Осуждённый будто не слышал.
— Покуришь? — спросил опять директор и протянул сигарету с золотым ободком.
Осуждённый проводил взглядом руку директора, чуть помедлив, взял сигарету и засунул её в рот до половины, но сигарета осталась совершенно сухой. Бригадир вынул из канделябра свечу и дал ему прикурить. Осуждённый несколько раз порывисто затянулся и, захлебнувшись дымом, закашлялся. Пепел сыпался на пол.
— Ещё одну?
Директор опять протянул пачку. Осуждённый выплюнул недокуренную сигарету и засунул в рот новую.
Бригадир снова поднёс свечу, но смертник не стал затягиваться, и сигарета, почернев, тут же погасла.
— Я вижу, хватит, — сказал директор и подал нам знак. Я откинул белую штору, за которой был вход в камеру.
В камере было темновато, под потолком светилась одна голая лампочка. Мыс Хорибэ, взяв осуждённого под руки, ввели его внутрь. Когда все вошли, бригадир задвинул штору.
Приговорённый едва переставлял ноги, и нам приходилось практически тащить его волоком. Увидев перед собой ступени эшафота, он резко вздёрнул голову, посмотрел наверх и что‑то невнятно выкрикнул. Его вопль гулко отдался в камере.
Я посмотрел на эшафот. Осуждённого надо было туда втащить.
Хорибэ первым стал взбираться по деревянной лестнице, он тянул осуждённого за наручники. Я подталкивал его сзади, а смертник упирался и что‑то кричал. Раза два он споткнулся о ступени, заставляя нас с Хорибэ хвататься за перила, чтобы не упасть.

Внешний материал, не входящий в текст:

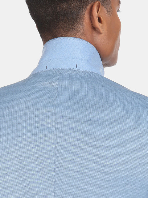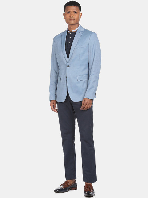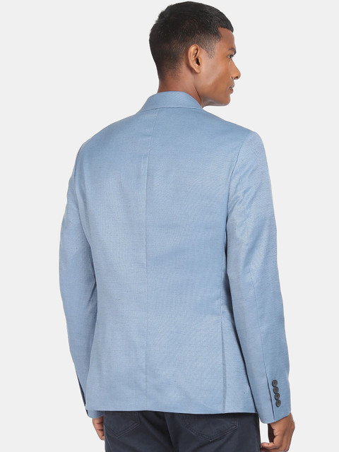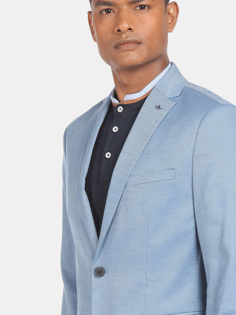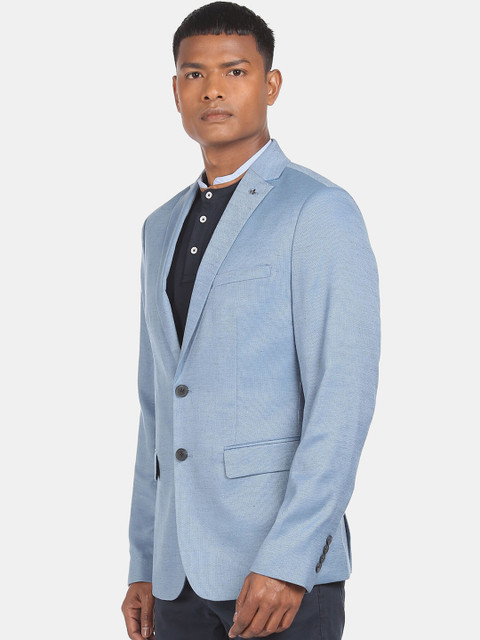 - Blue formal blazer, has a notched lapel, lightly padded shoulders
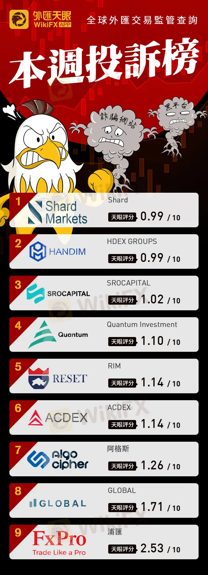 本週,外匯天眼小編收到投資者對19家不良公司的諮詢與投訴,包括9家平台,10家詐騙網站,以下一一羅列,注意規避遠離!

Мы поставили осуждённого в центре эшафота. Я надел ему на голову чёрный мешок и затянул его шнурком. Смертник тут же умолк и замер. Воспользовавшись этим, Хорибэ обхватил его ноги и, отворачивая лицо, чтобы уберечься от удара, стянул их мягким ремешком с застёжкой. Осуждённый начал вырываться, трясти головой и кричать. Он без конца выкрикивал одно и то же слово, так что в конце концов я его разобрал. Это было чьё‑то имя.

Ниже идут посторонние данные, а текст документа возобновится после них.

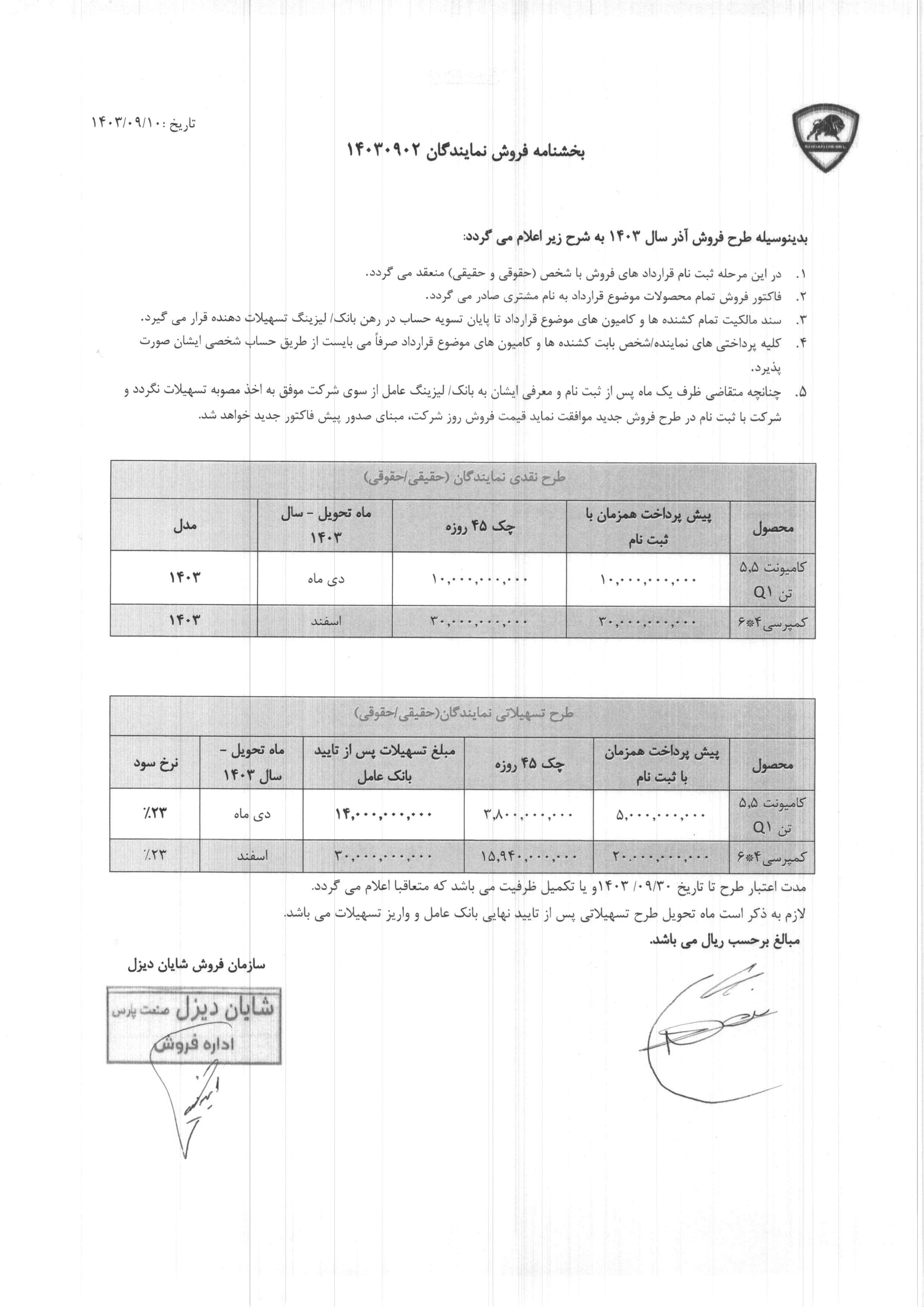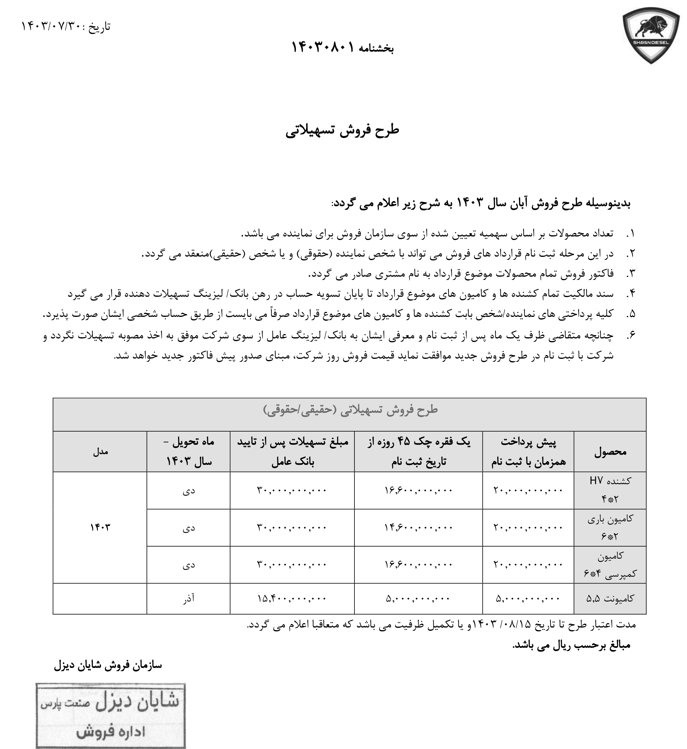 فروش نقدی و اقساطی شایان دیزل: آذر 1403

Повторив его несколько раз, осуждённый стал призывать другого человека, потом ещё, словно вспоминая всех, кого знал. Некоторые имена были женскими. Напоследок он принялся звать женщину, носившую одинаковую с ним фамилию. Перед казнью все они зовут своих знакомых и близких. Почему — не знаю.
Мне хотелось поскорее со всем этим покончить. Хорибэ — тоже. Я поспешно взялся за конопляную верёвку, свисавшую с прикреплённого к потолку блока, и затянул петлю на шее осуждённого.
Все смотрели на нас снизу. Я увидел насупленное лицо директора, который с важным видом подал знак рукой. Мы с Хорибэ отскочили в сторону.
Люк с грохотом открылся, и на эшафоте остались только мы двое. Я заглянул в дыру, разверзшуюся у нас под ногами. Там было темно, ничего не видно.
Верёвка, спускавшаяся с потолка в люк, медленно раскачивалась. Я подумал, что она похожа на маятник часов, отмеривающих время от жизни до смерти. В такт покачиванию верёвки поскрипывал блок наверху. Его, видно, давно не смазывали.
Прошло довольно много времени, все ждали. Я вспомнил, что в момент, когда распахнулся люк, вспыхнула яркая молния. Но, может быть, мне это только показалось.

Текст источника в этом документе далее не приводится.